Comment est né un film pareil ? Comment tout a pu foirer à ce point ? Qu'est-ce qui passait par la tête des gens qui ont fait ça ? Qu'est-ce qu'ils en pensent aujourd'hui ? Le DVD propose un documentaire, Il était une fois Devil Story, et un commentaire audio du réalisateur sur plusieurs scènes, pour répondre à ces questions. Avoir l'occasion d'écouter les gens qui ont bossé dessus raconter l'expérience et donner leur avis sur le résultat, voilà ce qui fait tout le sel de cette édition, et fait attendre avec impatience les prochains films estampillés "Les Improbables de Nanarland.com". Surtout que le réalisateur Bernard Launois et son actrice Véronique Renaud ne sont pas ici en mode "promo" : interviewés 25 ans après la sortie du film, alors que sa réputation est faite et que leurs carrières sont terminées, ils peuvent en parler librement, sans chercher à convaincre que leur produit est génial, sans chercher à ménager les susceptibilités de leurs confrères.
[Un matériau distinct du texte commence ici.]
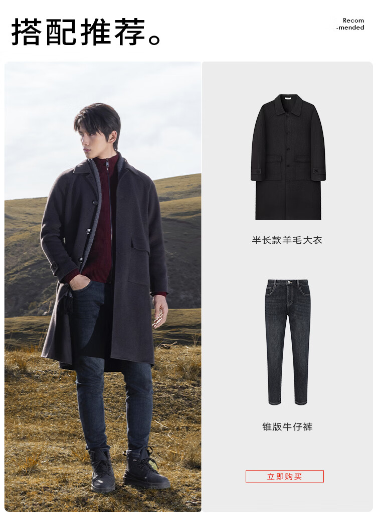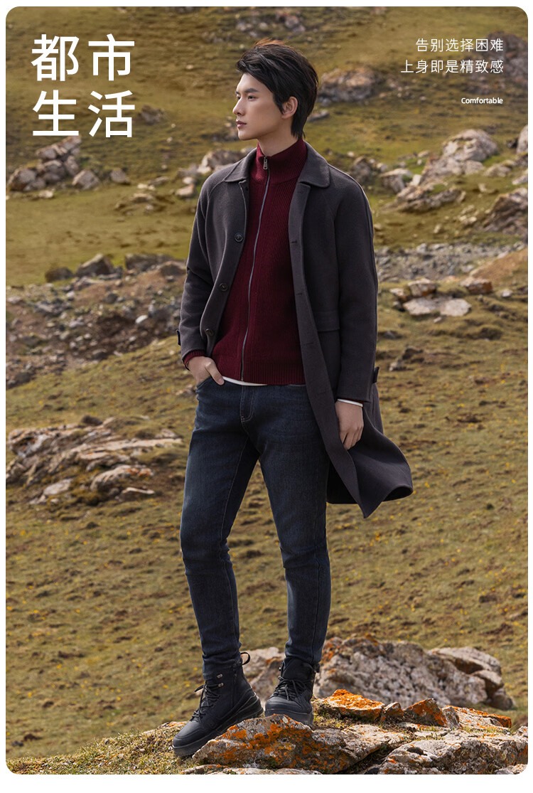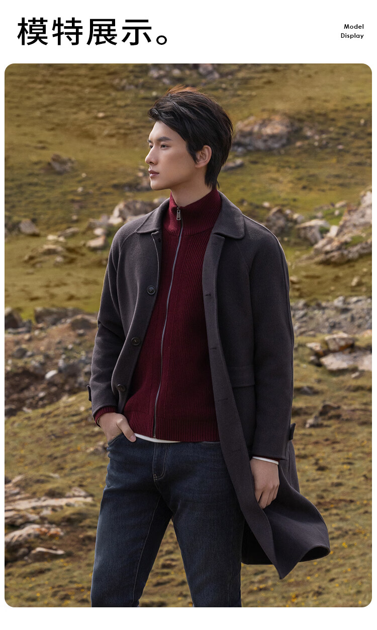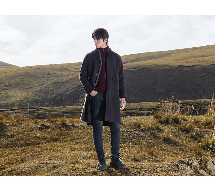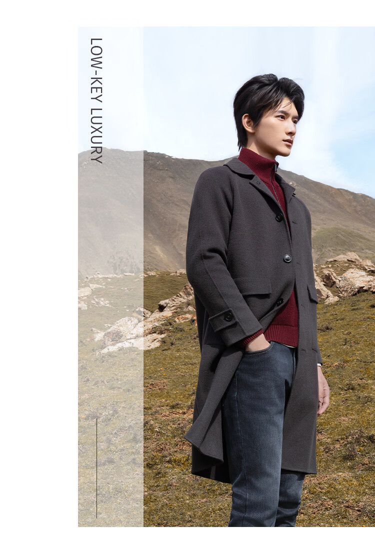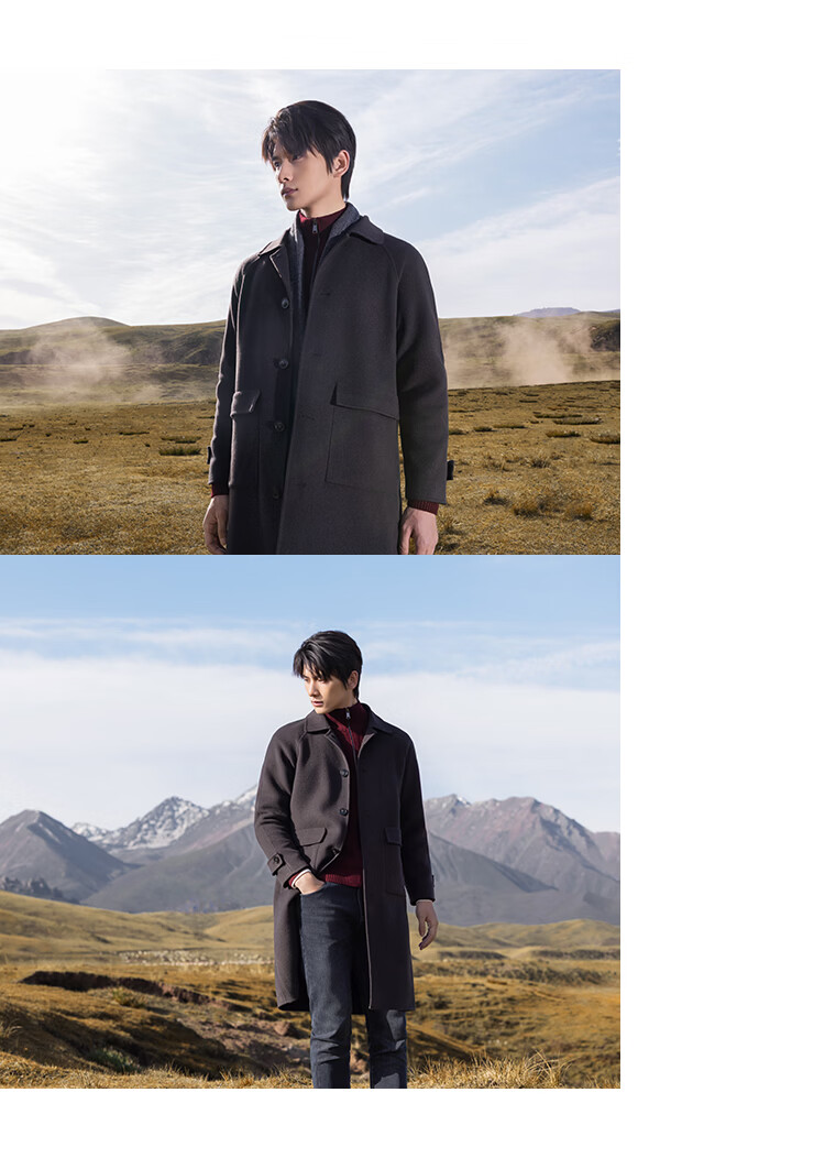 莱克斯顿毛呢大衣男新款【含绵羊毛】抗起球商务休闲单排扣呢子外套男 深咖啡 S

Et là où on peut facilement imaginer que certains journalistes télé n'auraient pas eu d'autre préoccupation que de leur faire dire "Excusez-moi, je suis un minable et mon film est une merde", les gens de Sheep Tapes ont eu la classe de les laisser donner leur version de l'histoire.
L'acteur qui joue LE MONSTRE (qui n'est autre que fils du réalisateur) s'est pris accidentellement le pied dans la tente,
mais comme refaire une prise ça perd du temps, la scène a été conservée comme ça.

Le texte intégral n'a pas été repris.